Reproduce the records below exactly as given.

**Input for this task**
▽

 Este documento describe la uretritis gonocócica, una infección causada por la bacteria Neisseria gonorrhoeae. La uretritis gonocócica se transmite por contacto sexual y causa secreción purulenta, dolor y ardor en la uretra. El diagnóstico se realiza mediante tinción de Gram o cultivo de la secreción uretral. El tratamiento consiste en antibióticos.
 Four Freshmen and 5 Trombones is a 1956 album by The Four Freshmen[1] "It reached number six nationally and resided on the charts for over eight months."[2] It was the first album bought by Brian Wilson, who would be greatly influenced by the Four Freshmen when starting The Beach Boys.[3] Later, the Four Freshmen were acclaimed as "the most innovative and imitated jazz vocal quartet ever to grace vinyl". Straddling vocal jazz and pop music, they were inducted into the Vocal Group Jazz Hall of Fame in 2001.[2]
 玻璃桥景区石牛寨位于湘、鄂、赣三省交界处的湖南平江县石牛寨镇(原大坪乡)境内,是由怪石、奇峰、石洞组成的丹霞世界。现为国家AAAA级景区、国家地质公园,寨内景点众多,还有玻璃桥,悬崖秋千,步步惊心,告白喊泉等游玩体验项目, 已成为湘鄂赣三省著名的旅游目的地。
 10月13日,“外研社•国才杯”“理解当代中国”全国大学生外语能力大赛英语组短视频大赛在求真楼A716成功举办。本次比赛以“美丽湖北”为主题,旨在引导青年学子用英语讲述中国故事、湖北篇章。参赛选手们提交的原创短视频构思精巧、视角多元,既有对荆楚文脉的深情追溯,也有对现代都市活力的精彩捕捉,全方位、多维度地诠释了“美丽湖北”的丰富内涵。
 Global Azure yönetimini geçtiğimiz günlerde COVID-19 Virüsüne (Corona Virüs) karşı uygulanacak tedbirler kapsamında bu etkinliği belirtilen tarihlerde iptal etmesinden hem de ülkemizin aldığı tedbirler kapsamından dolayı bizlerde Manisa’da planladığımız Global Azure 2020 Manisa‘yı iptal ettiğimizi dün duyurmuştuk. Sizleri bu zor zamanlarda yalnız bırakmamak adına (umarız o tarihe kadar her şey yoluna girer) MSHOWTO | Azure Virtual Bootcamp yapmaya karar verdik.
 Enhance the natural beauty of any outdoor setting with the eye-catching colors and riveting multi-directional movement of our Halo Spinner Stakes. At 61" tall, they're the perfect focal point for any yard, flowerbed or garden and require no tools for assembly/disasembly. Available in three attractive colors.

△

**Task output**
 Este documento describe la uretritis gonocócica, una infección causada por la bacteria Neisseria gonorrhoeae. La uretritis gonocócica se transmite por contacto sexual y causa secreción purulenta, dolor y ardor en la uretra. El diagnóstico se realiza mediante tinción de Gram o cultivo de la secreción uretral. El tratamiento consiste en antibióticos.
 Four Freshmen and 5 Trombones is a 1956 album by The Four Freshmen[1] "It reached number six nationally and resided on the charts for over eight months."[2] It was the first album bought by Brian Wilson, who would be greatly influenced by the Four Freshmen when starting The Beach Boys.[3] Later, the Four Freshmen were acclaimed as "the most innovative and imitated jazz vocal quartet ever to grace vinyl". Straddling vocal jazz and pop music, they were inducted into the Vocal Group Jazz Hall of Fame in 2001.[2]
 玻璃桥景区石牛寨位于湘、鄂、赣三省交界处的湖南平江县石牛寨镇(原大坪乡)境内,是由怪石、奇峰、石洞组成的丹霞世界。现为国家AAAA级景区、国家地质公园,寨内景点众多,还有玻璃桥,悬崖秋千,步步惊心,告白喊泉等游玩体验项目, 已成为湘鄂赣三省著名的旅游目的地。
 10月13日,“外研社•国才杯”“理解当代中国”全国大学生外语能力大赛英语组短视频大赛在求真楼A716成功举办。本次比赛以“美丽湖北”为主题,旨在引导青年学子用英语讲述中国故事、湖北篇章。参赛选手们提交的原创短视频构思精巧、视角多元,既有对荆楚文脉的深情追溯,也有对现代都市活力的精彩捕捉,全方位、多维度地诠释了“美丽湖北”的丰富内涵。
 Global Azure yönetimini geçtiğimiz günlerde COVID-19 Virüsüne (Corona Virüs) karşı uygulanacak tedbirler kapsamında bu etkinliği belirtilen tarihlerde iptal etmesinden hem de ülkemizin aldığı tedbirler kapsamından dolayı bizlerde Manisa’da planladığımız Global Azure 2020 Manisa‘yı iptal ettiğimizi dün duyurmuştuk. Sizleri bu zor zamanlarda yalnız bırakmamak adına (umarız o tarihe kadar her şey yoluna girer) MSHOWTO | Azure Virtual Bootcamp yapmaya karar verdik.
 Enhance the natural beauty of any outdoor setting with the eye-catching colors and riveting multi-directional movement of our Halo Spinner Stakes. At 61" tall, they're the perfect focal point for any yard, flowerbed or garden and require no tools for assembly/disasembly. Available in three attractive colors.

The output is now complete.